[p. 11] [ms: Mr. Feodor Pitcairn, The Singing Angel, Pastel], 47 x 35 1/2 [in.].
"[…] Malgré ma Maladie de cette hiver/ j’ai beaucoup travailler. Mais la vie de/ Paris me fatigue beaucoup. Ma santé/ n’ai [est] pas encore ce que j’était auparavant/ enfin pourvu que je peut rendre mes rêves/ et de temps a autres aller vers cette divines forêts quelles beauté! […] ici il y a eu de grand changement. nous/ avee [avons] transformé la grand[e] pièce/ pour avoir plus de place pour les tableaus. […] J’ai un grand pastel [...] et un autre un Ange avec le magnificat qui ce déplis chantant/ sous une fênetre ou l’on voit un/ paysage avec des arbres en fleurs avec/ un arc-en-ciel. ce paysage est souvenir/ de la vallée de chevreuse. [...]" [sic] (... Despite my illness this winter I have worked a lot.

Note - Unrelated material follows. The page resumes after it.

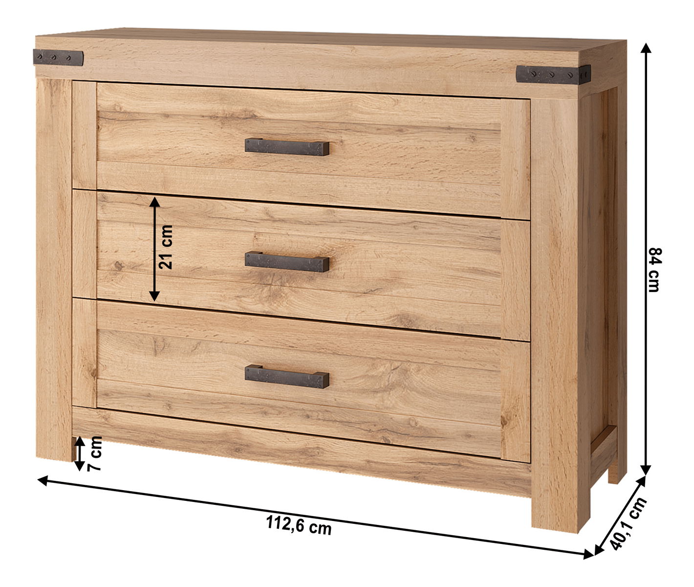 Komoda Mateo 2D3S (dub wotan) s výškou 84 cm, šírkou 112.6 cm a hĺbkou 40.1 cm je ideálnym doplnkom pre vašu obývaciu izbu, jedáleň, spálňu alebo predsieň. Jej jednoduchý a štýlový dizajn pridáva pocit čistoty a sviežosti do vášho interiéru. Komoda ponúka dostatok úložného priestoru v troch šuplíkoch, čím vám pomôže udržať veci usporiadané a poriadok v miestnosti. Svojou kvalitou a funkčnosťou je táto komoda skvelou voľbou pre každú domácnosť.

But life in Paris greatly exhausts me. My health is not as good as it was before. Well as long as I can achieve my dreams and go from time to time to this divine forest, what beauty. … Big changes were made here. We have transformed the large room to have more space for the paintings. … I have a large pastel: ... And another one: a singing angel unfolding the Magnificat under a window, through which one can see the countryside with flowering trees and a rainbow. This countryside is a remembrance of the Vallée de Chevreuse [Chevreuse Valley]. ...) (Philippe Smit 1922)

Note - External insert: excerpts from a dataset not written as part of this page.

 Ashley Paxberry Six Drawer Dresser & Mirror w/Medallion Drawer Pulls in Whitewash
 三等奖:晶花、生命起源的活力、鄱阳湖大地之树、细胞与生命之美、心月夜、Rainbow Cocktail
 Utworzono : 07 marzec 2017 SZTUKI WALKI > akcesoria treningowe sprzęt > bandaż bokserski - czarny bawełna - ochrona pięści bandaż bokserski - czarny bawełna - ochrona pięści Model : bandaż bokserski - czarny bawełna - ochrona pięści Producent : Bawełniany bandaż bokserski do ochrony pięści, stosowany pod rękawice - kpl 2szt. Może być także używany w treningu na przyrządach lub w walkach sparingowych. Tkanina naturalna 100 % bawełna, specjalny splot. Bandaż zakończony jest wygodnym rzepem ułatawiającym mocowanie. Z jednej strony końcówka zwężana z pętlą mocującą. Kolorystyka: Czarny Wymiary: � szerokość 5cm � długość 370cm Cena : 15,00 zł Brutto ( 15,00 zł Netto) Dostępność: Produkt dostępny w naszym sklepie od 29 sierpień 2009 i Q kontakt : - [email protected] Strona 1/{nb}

The subject of this painting is based on the poem Sainte (1865) by Stéphane Mallarmé, of which the artist faithfully transposed verses of the first two stanzas in this pastel.1 These lines correspond both to his love of music and to his Swedenborgian vision of the angel.
At the window concealing
the old sandalwood; its gilt slowly flaking away
of her viola sparkling
as of old with flute or mandore,
Is the pale saint, spreading out
the old book that unfolds;
of the Magnificat streaming
as of old according to vesper and compline:
At this glazing of monstrance
Which brushes the harp of the Angel
Formed with its flight of the evening;
For the delicate phalanx
Of the finger that, without the old sandalwood
Nor the old book, she holds balanced
On the instrumental plumage,
Musician of silence.
1. Stéphane Mallarmé, Dix poèmes de Stéphane Mallarmé, Lille: F. Giard; Genève: E. Droz, 1948, p. 36.